Few entities can do that (I can't).
Most people are forced to work for companies that sell their work to the higher bidder (which are the very entities mentioned above), or ask them to use AI (under the condition that such work is accessible to the AI entities).
It's obviously a vicious circle, if people can't oppose their work to be ingested and repackaged by a few AI giants.
Like supporting Android Open Source Project… until Google decides to move the critical parts into Google Play Services? I run GrapheneOS (love it) but almost no banks will allow non-Google-sponsored Android ROMs and variants to do NFC transactions because… the AOSP is designed to miss what Google actually needs.
Idem with ML Kit loaded by Play Services, which makes Android apps fail in many cases.
And I'm not talking about biases introduced by private entities that open source their models but pursue their own goals (e.g geopolitical).
As long as AI is designed and led by huuge private entities, you'll have a hard time benefiting from it without supporting the entities' very own goals.
The answer is to censor the model output, not the training input. A dumb filter using 20 year old technology can easily stop LLM's from verbatim copyright output.

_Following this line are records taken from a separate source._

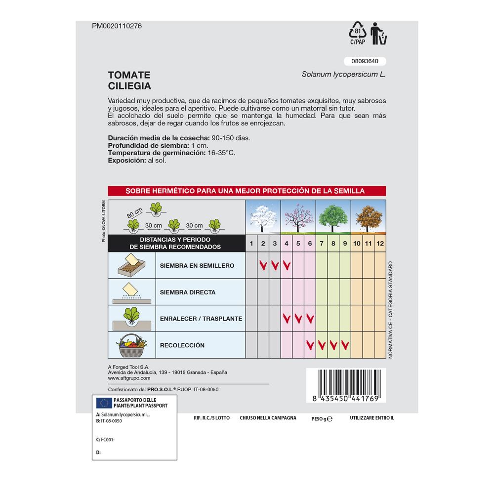 – Temperatura de germinación: 16-35 ºc.
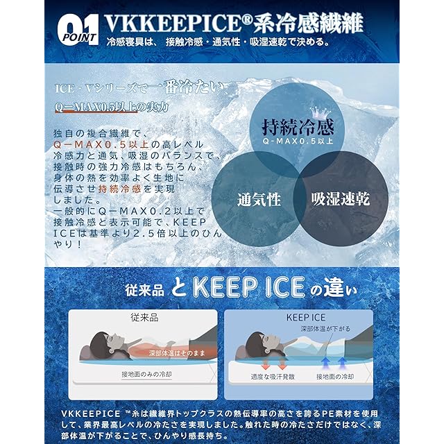 【VKKEEPICE 糸冷感繊維】寝具業界最高峰のひんやり感Q-MAX0.56を実現!VKKEEPICE 糸は繊維界トップクラスの熱伝導率の高さを誇るPE素材を使用して、業界最高レベルの冷たさを実現しました。触れた時の冷たさだけではなく、深部体温が下がることで、ずっと『ちょうどいい』冷たさをキープ、朝までひんやり持続。暑がりさんも朝までぐっすり。
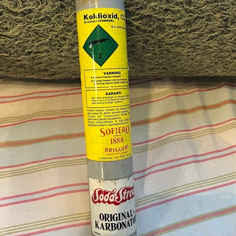 Den funkar som den ska. Utan kolsyrepatron eller tillbehör. Missfärgning på halva.
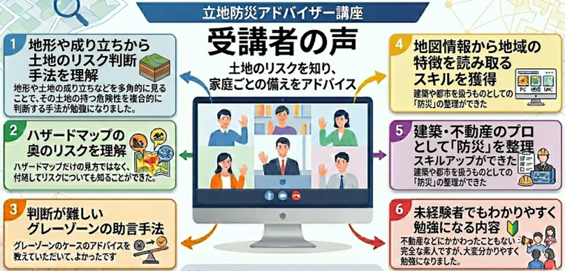 ※「立地防災アドバイザー講座」は建築基準法や宅建業法(重要事項説明等)等が求める内容とは別個に、自主的な立地の自然災害(地震、豪雨)リスクの診断および、それに基づいた家庭の防災の備えの提案等に活用できるスキルを学ぶ講座となりますので、予めご了承ください。

I know that this seems likely from a theoretical perspective (in other words, I would way underestimate it at the sprint planning meeting!), but
A) checking each output against a regex representing a hundred years of literature would be expensive AF no matter how streamlined you make it, and
B) latent space allows for small deviations that would still get you in trouble but are very hard to catch without a truly latent wrapper (i.e. another LLM call). A good visual example of this is the coverage early on in the Disney v. ChatGPT lawsuit:
What if the model simply substitutes synonyms here and there without changing the spirit of the material? (This might not work for poetry, obviously.) It is not such a simple matter.
Personally, I strongly believe that the aesthetic skills of humanity are one of our most advanced faculties — we are nowhere close to replacing them with fully-automated output, AGI or no.